A CBL não escolheu Portugal "apenas" porque o Brasil comemora o bicentenário da Independência, a literatura celebra o centenário do nascimento de José Saramago nem porque (citando apenas dois) o escritor Valter Hugo Mãe e o humorista Ricardo Araújo Pereira são verdadeiras estrelas pop nos dois lados do oceano.

Também não foi porque Abel Ferreira, técnico ganhador e ídolo do Palmeiras —uns dizem que em breve técnico da seleção— fez o gosto ao dedo e escreveu um livro que lançou com notório sucesso, na presença do próprio embaixador de Portugal em Brasília, que se deslocou a São Paulo propositadamente para o efeito.

Movimento no último dia da Bienal do Livro no Expo Center Norte, em São Paulo
Movimento no último dia da Bienal do Livro no Expo Center Norte, em São Paulo - Rubens Cavallari/Folhapress

Todos esses motivos são bons, válidos, óbvios, mas não são a causa dessa escolha.
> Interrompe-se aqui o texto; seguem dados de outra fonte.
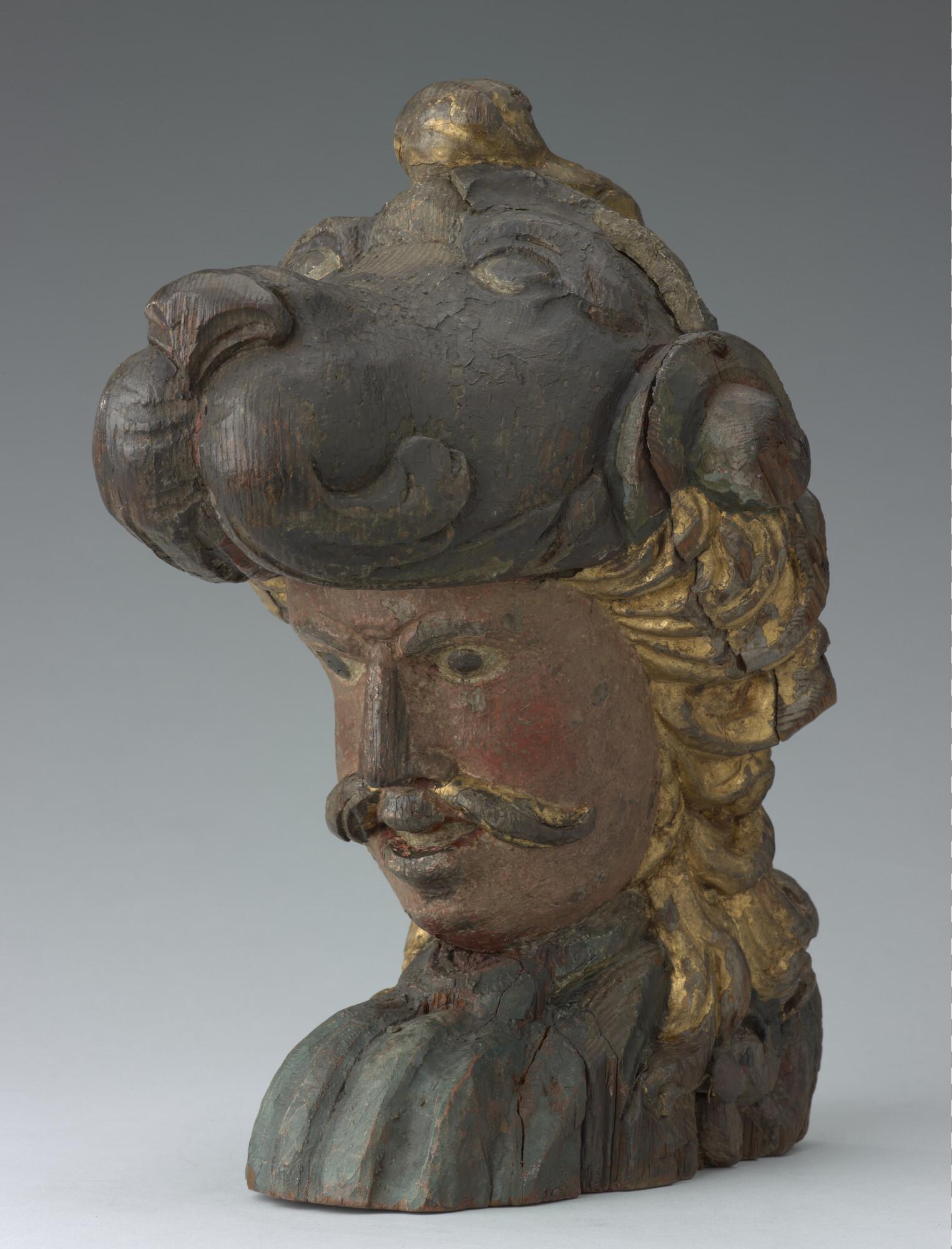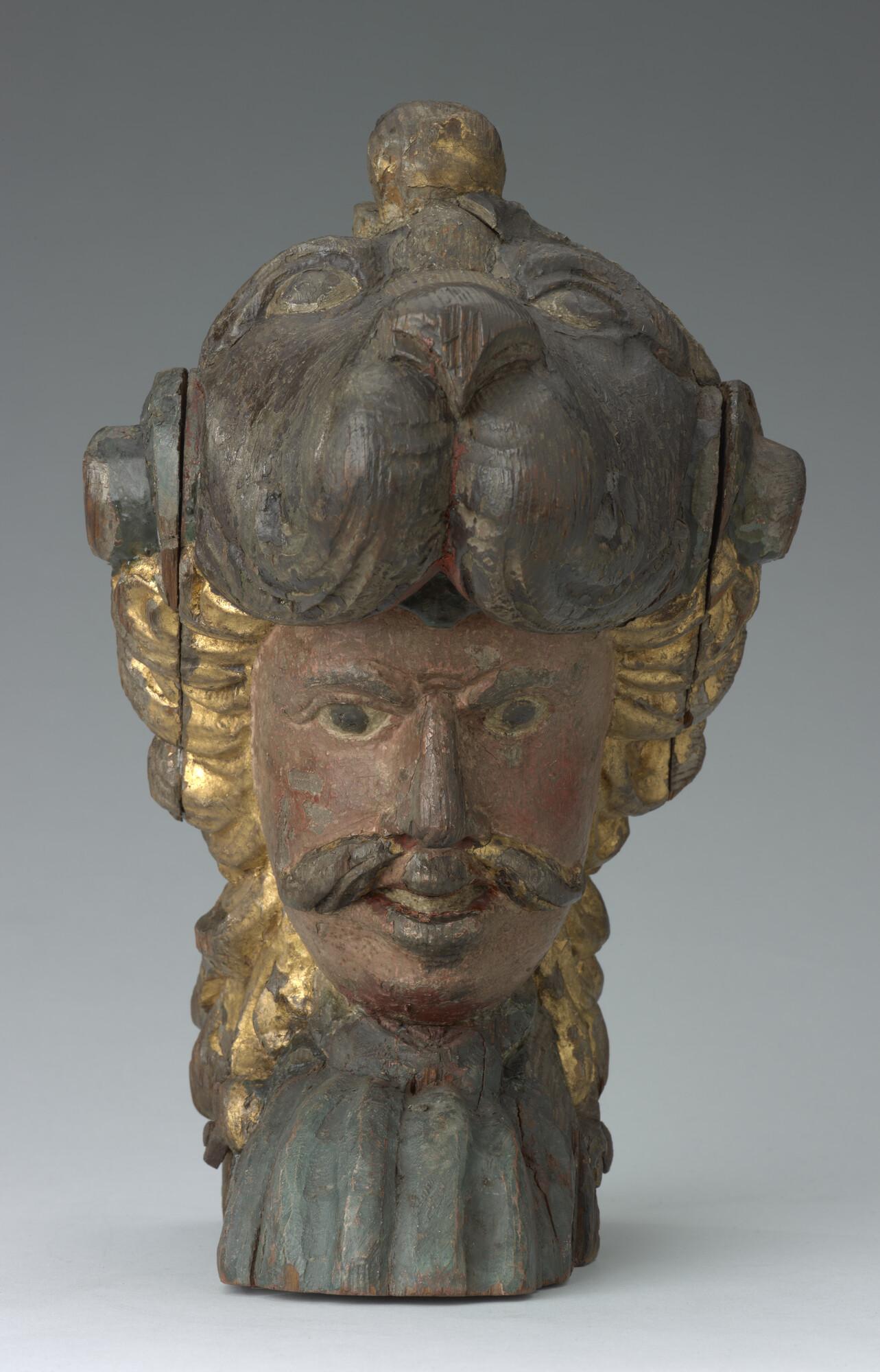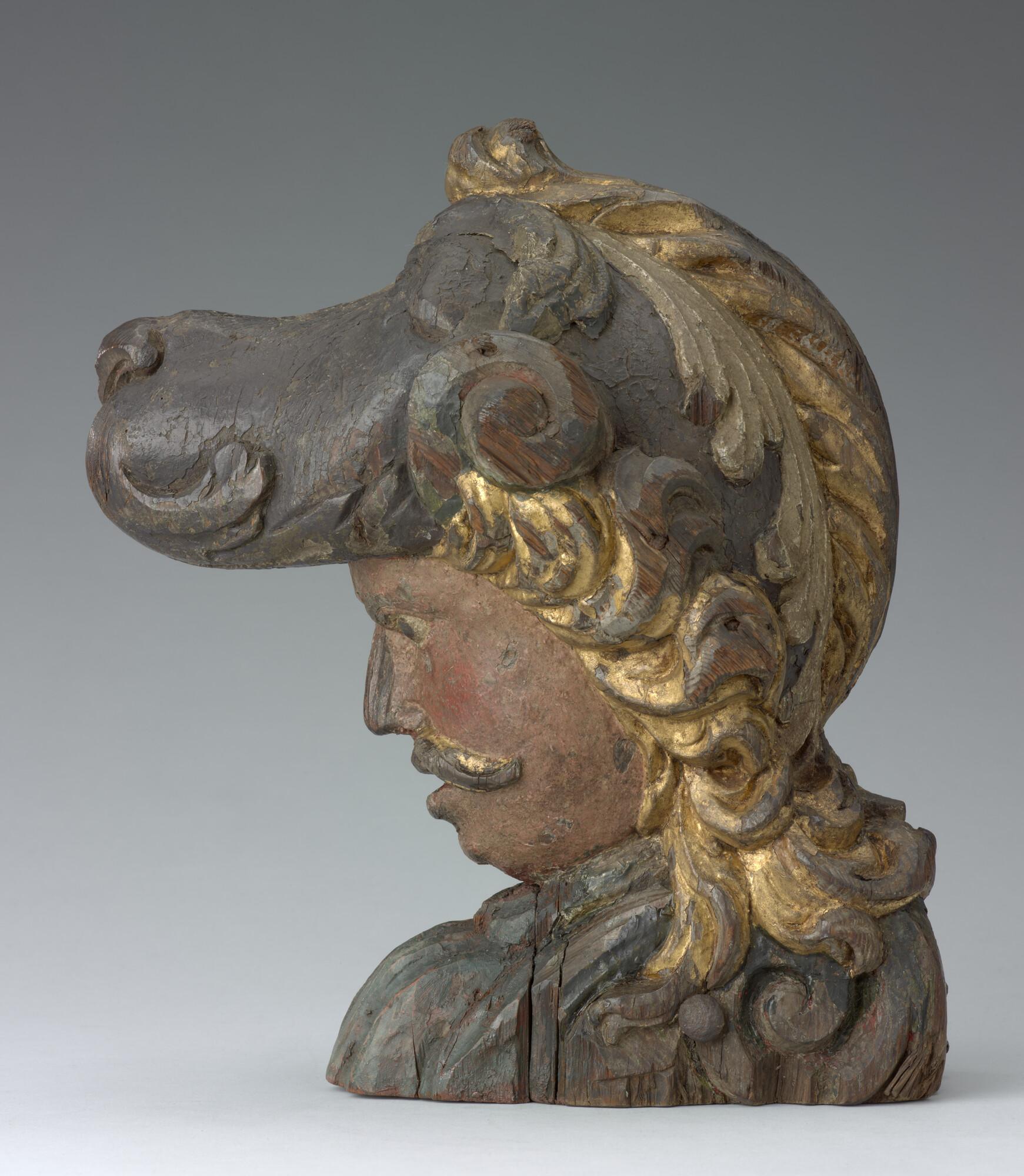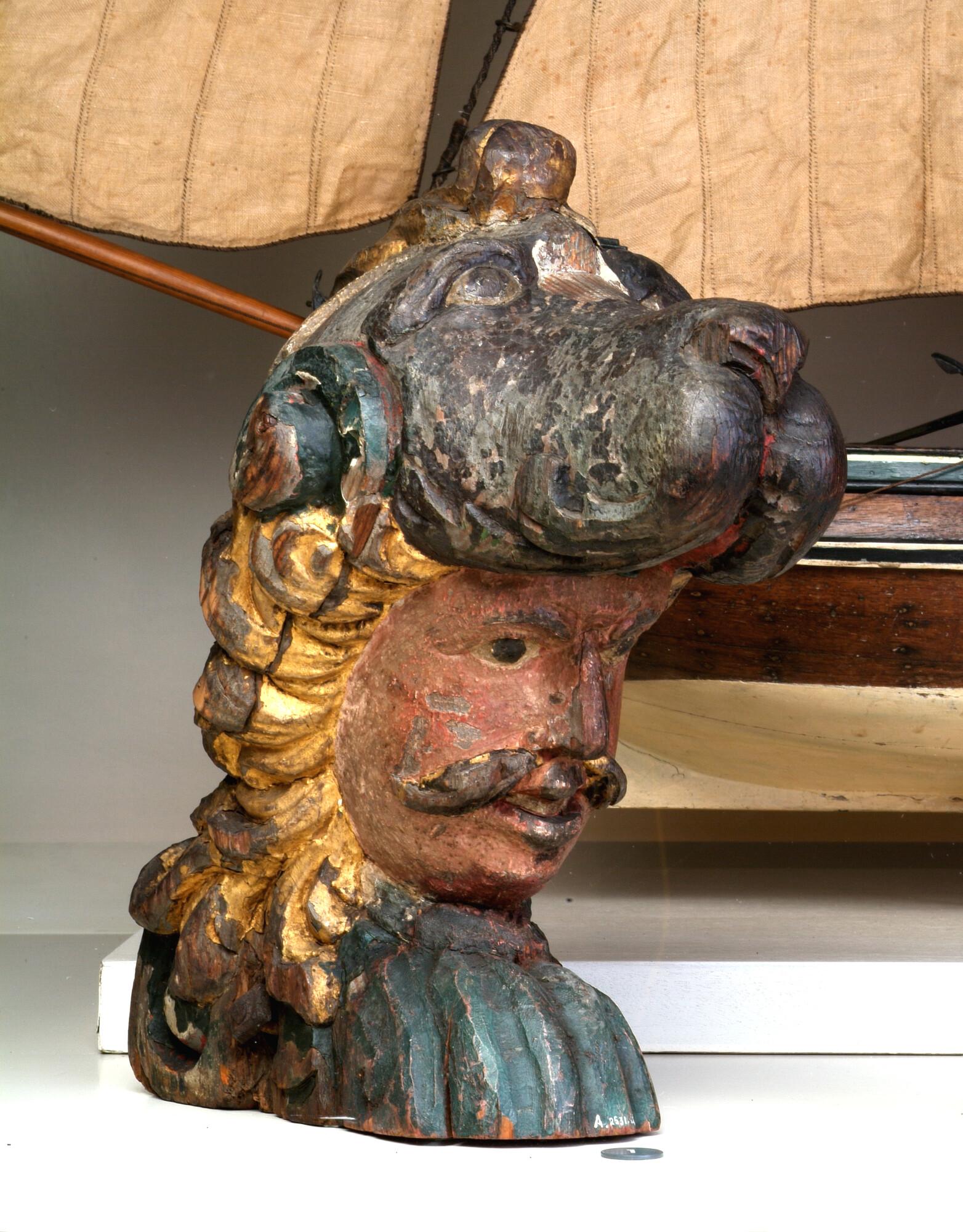 Roerkop, voorstellend een mannenhoofd met een helm

Eles são a sua consequência. A causa reside em algo bem mais simples, menos evidente e, por isso, mais difícil de explicar.

A escolha prende-se com um intrínseco sentimento de "achamento" que, emanando das elites (culturais e econômicas) brasileiras, se tem desenvolvido aceleradamente nas duas últimas décadas como resultado de uma crescente complexidade dos mecanismos de partilha de informação entre os vários estratos sociais das duas nações de língua portuguesa.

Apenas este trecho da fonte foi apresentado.